[Items listed in a dataset]
------------------------------------------------

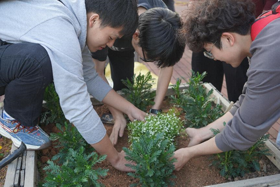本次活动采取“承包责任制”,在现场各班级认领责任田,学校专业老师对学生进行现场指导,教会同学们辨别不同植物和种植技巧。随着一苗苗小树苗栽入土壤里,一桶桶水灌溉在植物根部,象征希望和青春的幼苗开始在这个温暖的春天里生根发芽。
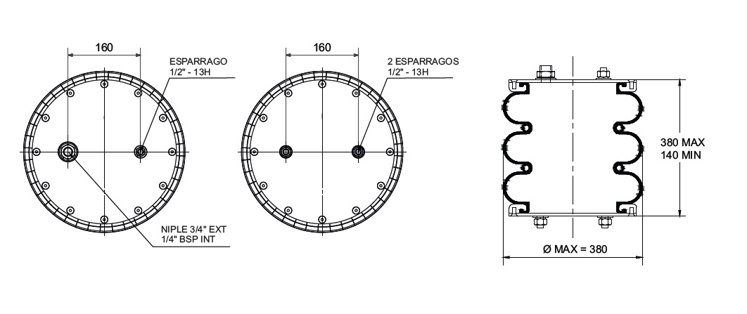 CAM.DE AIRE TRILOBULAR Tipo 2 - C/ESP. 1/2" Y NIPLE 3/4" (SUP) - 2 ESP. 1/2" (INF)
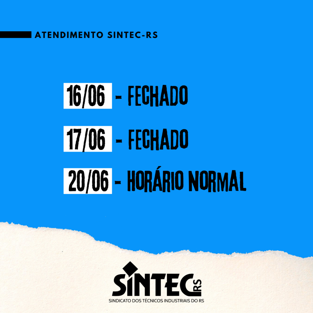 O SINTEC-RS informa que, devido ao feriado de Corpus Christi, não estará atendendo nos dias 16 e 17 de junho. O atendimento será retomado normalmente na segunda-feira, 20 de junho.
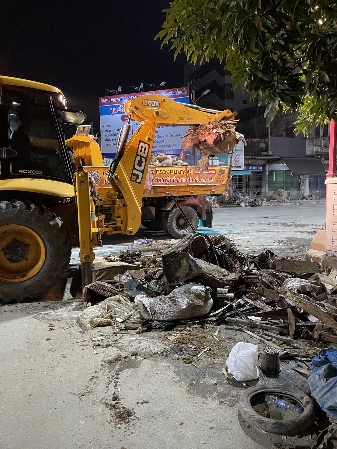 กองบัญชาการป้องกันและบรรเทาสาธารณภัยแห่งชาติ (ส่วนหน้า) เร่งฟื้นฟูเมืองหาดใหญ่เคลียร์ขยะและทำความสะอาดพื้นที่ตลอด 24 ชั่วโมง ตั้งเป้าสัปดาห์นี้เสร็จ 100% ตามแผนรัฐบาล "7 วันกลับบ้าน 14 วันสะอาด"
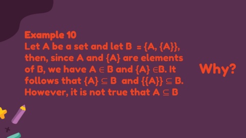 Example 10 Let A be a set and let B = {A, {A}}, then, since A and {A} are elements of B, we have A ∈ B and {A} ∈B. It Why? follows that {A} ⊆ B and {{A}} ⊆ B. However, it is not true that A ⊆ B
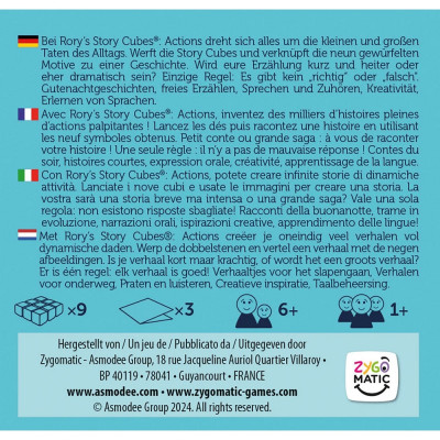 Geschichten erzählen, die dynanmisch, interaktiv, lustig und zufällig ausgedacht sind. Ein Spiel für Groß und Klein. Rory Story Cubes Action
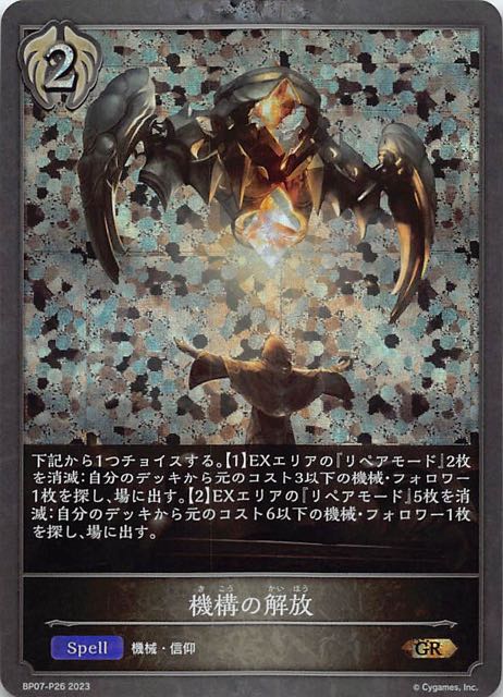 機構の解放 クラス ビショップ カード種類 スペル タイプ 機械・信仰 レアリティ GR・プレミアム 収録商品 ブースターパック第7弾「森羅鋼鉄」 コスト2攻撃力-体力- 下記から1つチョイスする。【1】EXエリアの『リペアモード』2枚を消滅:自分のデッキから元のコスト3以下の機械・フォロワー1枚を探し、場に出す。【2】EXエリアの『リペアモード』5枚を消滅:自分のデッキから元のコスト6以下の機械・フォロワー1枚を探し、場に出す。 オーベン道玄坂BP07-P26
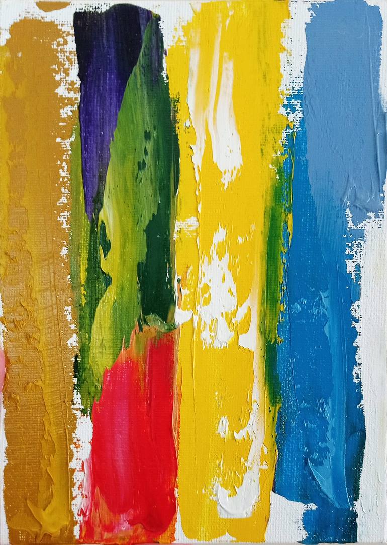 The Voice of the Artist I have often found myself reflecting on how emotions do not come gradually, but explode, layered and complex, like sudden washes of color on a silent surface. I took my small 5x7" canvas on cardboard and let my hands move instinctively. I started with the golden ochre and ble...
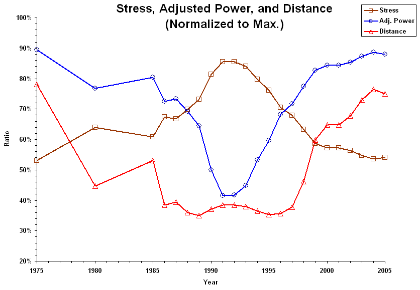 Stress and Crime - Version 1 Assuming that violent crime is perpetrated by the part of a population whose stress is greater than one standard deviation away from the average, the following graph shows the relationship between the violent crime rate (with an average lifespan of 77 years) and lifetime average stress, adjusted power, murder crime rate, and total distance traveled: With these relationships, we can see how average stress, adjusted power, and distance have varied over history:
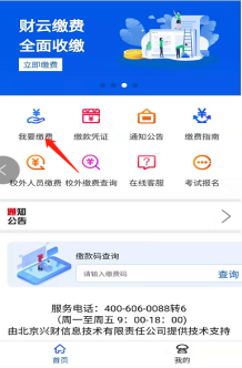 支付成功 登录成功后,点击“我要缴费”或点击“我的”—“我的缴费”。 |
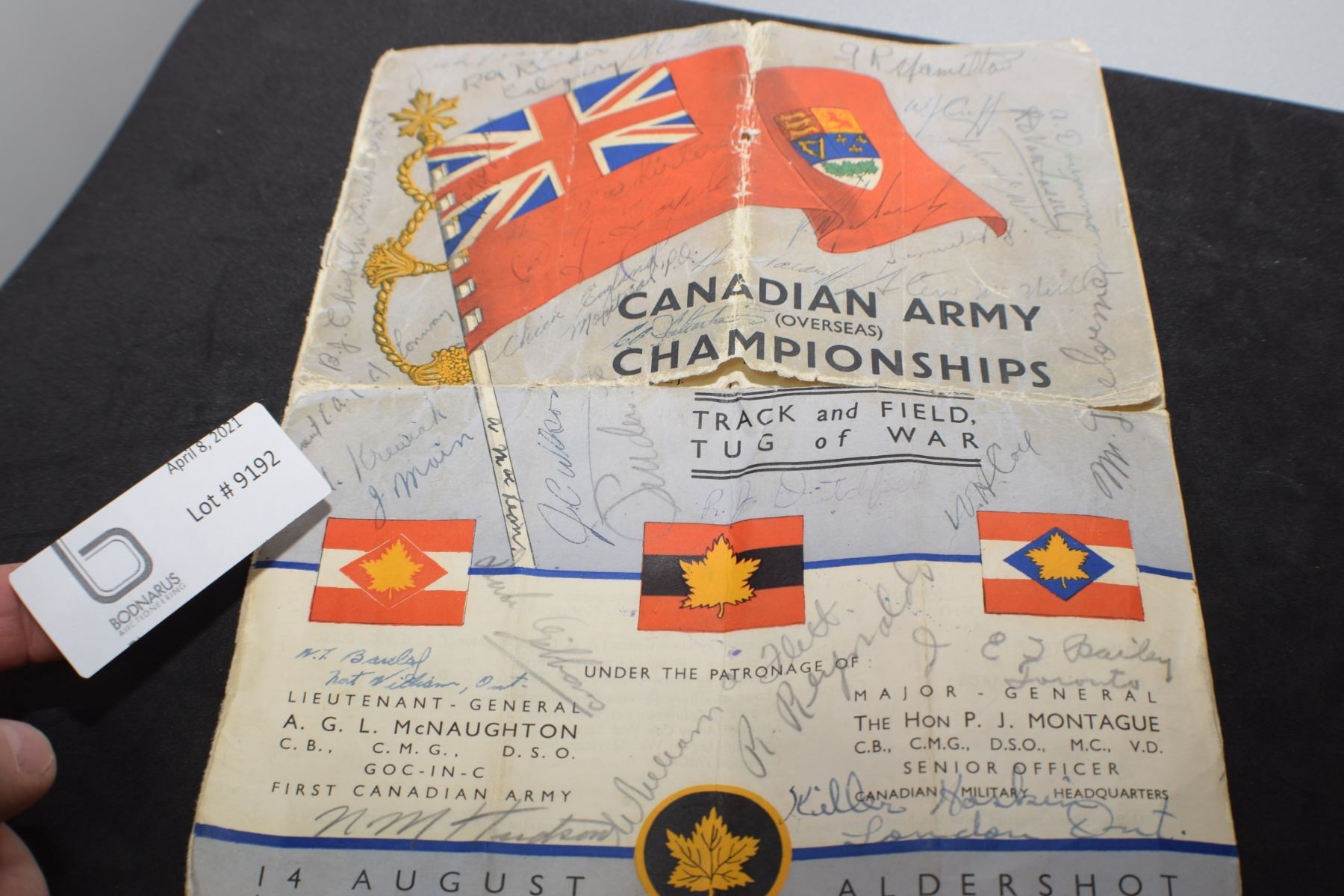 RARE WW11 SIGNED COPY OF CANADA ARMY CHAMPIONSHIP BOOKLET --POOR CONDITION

------------------------------------------------

→ **Task goal**: What is needed is every line of the data above, set down exactly but with the images left out.

→ **Response for this exercise**:
本次活动采取“承包责任制”,在现场各班级认领责任田,学校专业老师对学生进行现场指导,教会同学们辨别不同植物和种植技巧。随着一苗苗小树苗栽入土壤里,一桶桶水灌溉在植物根部,象征希望和青春的幼苗开始在这个温暖的春天里生根发芽。
 CAM.DE AIRE TRILOBULAR Tipo 2 - C/ESP. 1/2" Y NIPLE 3/4" (SUP) - 2 ESP. 1/2" (INF)
 O SINTEC-RS informa que, devido ao feriado de Corpus Christi, não estará atendendo nos dias 16 e 17 de junho. O atendimento será retomado normalmente na segunda-feira, 20 de junho.
 กองบัญชาการป้องกันและบรรเทาสาธารณภัยแห่งชาติ (ส่วนหน้า) เร่งฟื้นฟูเมืองหาดใหญ่เคลียร์ขยะและทำความสะอาดพื้นที่ตลอด 24 ชั่วโมง ตั้งเป้าสัปดาห์นี้เสร็จ 100% ตามแผนรัฐบาล "7 วันกลับบ้าน 14 วันสะอาด"
 Example 10 Let A be a set and let B = {A, {A}}, then, since A and {A} are elements of B, we have A ∈ B and {A} ∈B. It Why? follows that {A} ⊆ B and {{A}} ⊆ B. However, it is not true that A ⊆ B
 Geschichten erzählen, die dynanmisch, interaktiv, lustig und zufällig ausgedacht sind. Ein Spiel für Groß und Klein. Rory Story Cubes Action
 機構の解放 クラス ビショップ カード種類 スペル タイプ 機械・信仰 レアリティ GR・プレミアム 収録商品 ブースターパック第7弾「森羅鋼鉄」 コスト2攻撃力-体力- 下記から1つチョイスする。【1】EXエリアの『リペアモード』2枚を消滅:自分のデッキから元のコスト3以下の機械・フォロワー1枚を探し、場に出す。【2】EXエリアの『リペアモード』5枚を消滅:自分のデッキから元のコスト6以下の機械・フォロワー1枚を探し、場に出す。 オーベン道玄坂BP07-P26
 The Voice of the Artist I have often found myself reflecting on how emotions do not come gradually, but explode, layered and complex, like sudden washes of color on a silent surface. I took my small 5x7" canvas on cardboard and let my hands move instinctively. I started with the golden ochre and ble...
 Stress and Crime - Version 1 Assuming that violent crime is perpetrated by the part of a population whose stress is greater than one standard deviation away from the average, the following graph shows the relationship between the violent crime rate (with an average lifespan of 77 years) and lifetime average stress, adjusted power, murder crime rate, and total distance traveled: With these relationships, we can see how average stress, adjusted power, and distance have varied over history:
 支付成功 登录成功后,点击“我要缴费”或点击“我的”—“我的缴费”。 |
 RARE WW11 SIGNED COPY OF CANADA ARMY CHAMPIONSHIP BOOKLET --POOR CONDITION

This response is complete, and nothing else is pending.